● **Work request**: Reproduce only the top of the records, down to and including the line containing "Tradicional Concierto de".

● **Given entries**:

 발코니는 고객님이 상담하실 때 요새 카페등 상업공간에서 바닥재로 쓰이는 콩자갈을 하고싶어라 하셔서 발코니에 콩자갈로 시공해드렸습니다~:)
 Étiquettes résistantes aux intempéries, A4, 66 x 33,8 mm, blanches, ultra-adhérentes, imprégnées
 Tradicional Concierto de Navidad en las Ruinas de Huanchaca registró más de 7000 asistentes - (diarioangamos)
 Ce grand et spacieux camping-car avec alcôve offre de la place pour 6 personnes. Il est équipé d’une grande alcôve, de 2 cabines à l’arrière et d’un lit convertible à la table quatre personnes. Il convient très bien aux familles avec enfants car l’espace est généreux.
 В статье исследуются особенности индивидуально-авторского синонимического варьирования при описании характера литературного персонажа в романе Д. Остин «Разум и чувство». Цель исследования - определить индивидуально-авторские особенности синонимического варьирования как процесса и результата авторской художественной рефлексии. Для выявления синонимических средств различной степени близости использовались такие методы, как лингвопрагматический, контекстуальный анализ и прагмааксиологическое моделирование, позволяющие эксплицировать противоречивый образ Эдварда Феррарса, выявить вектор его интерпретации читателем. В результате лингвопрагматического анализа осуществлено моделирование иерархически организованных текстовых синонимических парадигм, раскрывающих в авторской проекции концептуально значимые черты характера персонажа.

● **Output**:
 발코니는 고객님이 상담하실 때 요새 카페등 상업공간에서 바닥재로 쓰이는 콩자갈을 하고싶어라 하셔서 발코니에 콩자갈로 시공해드렸습니다~:)
 Étiquettes résistantes aux intempéries, A4, 66 x 33,8 mm, blanches, ultra-adhérentes, imprégnées
 Tradicional Concierto de Navidad en las Ruinas de Huanchaca registró más de 7000 asistentes - (diarioangamos)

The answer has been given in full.